Todo, al parecer, es un asunto de marketing y el nombre es utilizado por las economías criminales para mantener la prosperidad del negocio. De hecho, la droga no es rosada; los distribuidores la pintan de ese color para seguir con el juego del mercado que se ha formado alrededor del mito.

¿Qué es la 2CB?

Esta droga, explica a Yahoo Noticias la médica especialista en toxicología Marie Claire Berrouet Mejía, pertenece al grupo de las feniletilaminas, sustancias sintéticas, y actúan a través de unos neurotransmisores como serotonina, dopamina y noradrelalina, que hacen que estas drogas se eliminen menos y aumenten sus concentraciones en el sistema nervioso central.

La 2CB se puede encontrar en polvo o pastillas. La dosis promedio personal es de 4 a 30 miligramos, y dependiendo del individuo las sensaciones que genera, como “euforia y felicidad extrema, cambios en la percepción de los sentidos (alucinaciones, distorsiones, efectos en tactógenos que favorecen los sentimientos emocionales y sociales)”, se pueden reflejar en cuestión de una hora, pero incluso hasta en un periodo de ocho horas, lo cual provoca que algunos consumidores, al no sentir una reacción inmediata, la ingieran en mayores cantidades al creer que no les ha causado efecto alguno.

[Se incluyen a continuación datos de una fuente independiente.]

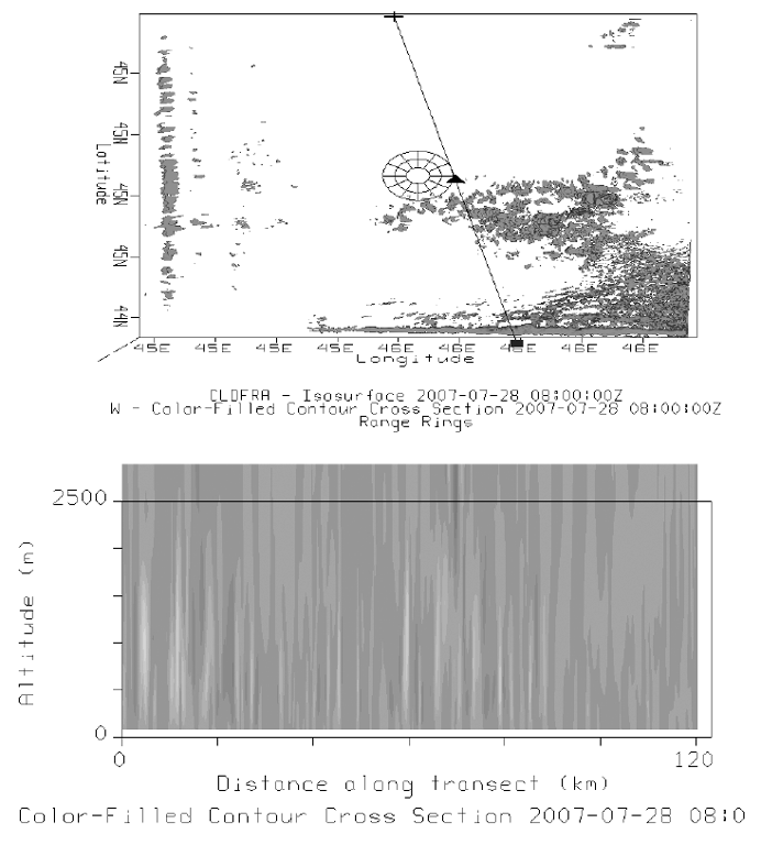 Рис. 7. Пространственное распределение вертикальной скорости по оси Z и по оси, приблизительно перпендикулярной оси валов (черная линия со стрелкой на верхнем рисунке). Диапазон изменения скорости примерно от –7 м/с (темно-серый цвет на нижнем рисунке) до –6 м/с (светло-серый цвет на нижнем рисунке). Модель WRF-ARW, 28 июля 2007 г., 8UTC. Шаг сетки 180 м. По оси ординат — высота Z в м, по оси абсцисс — расстояние вдоль наклонной кривой (верхний рисунок) в км. На верхнем рисунке представлена область расчета.

“El problema es que a dosis más altas, puede presentar cuadros de psicosis (el paciente se disocia de la realidad y en ese estado puede agredirse a él o a otra persona). Los signos vitales se van a alterar, habrá hipertensión, taquicardia, riesgos cardiovasculares y neurológicos, con mayor preocupación cuando hay convulsiones, compromisos musculares porque hacen marcada rigidez, y eso los lleva a tener compromisos renales”, agrega la toxicóloga.

¿Qué hacer?

El problema principal para las autoridades radica en la adulteración de la 2CB, pues los componentes utilizados no hacen parte de la sustancias definidas en el tratado de fiscalización internacional de la Organización de Naciones Unidas, ONU, en la cual sí está incluida la 2CB, al igual que otros 736 productos, explica Jenny Faguas, del Observatorio de Drogas.

En esa lista también están reseñadas 250 sustancias naturales, como la cocaína y el cannabis.

Así, las autoridades no tienen herramientas para incrementar sus incautaciones de drogas sintéticas y por ende disminuir su consumo, que en Colombia ha aumentado. “En los últimos dos años, de 2016 a 2018, el consumo de nuevas drogas es cada vez más frecuentes en los servicios de urgencias, generalmente jóvenes”, afirma la toxicóloga Marie Claire Berrouet.

La lucha contra las redes que distribuyen estas drogas es fuerte, confiesa la mayor Liz Wendy Cuadros. “Una sustancia de este tipo que el martes se ofrece en Alemania, el sábado ya se encuentra en Colombia”.

La esperanza en el corto plazo, agrega Jenny Faguas, es que el camino que debe recorrer la solicitud de inclusión de nuevas sustancias en el tratado de fiscalización de la ONU sea ágil y expedito, para poder contar con las herramientas legales que disminuyan la comercialización y el consumo, que finalmente es el punto más importante para las autoridades.

“Los jóvenes no saben lo que están consumiendo, se exponen a cantidades de riesgos y de incertidumbres, porque esas drogas se elaboran en laboratorios clandestinos, sin prácticas de manufactura, es una producción ilegal”, cierra Faguas.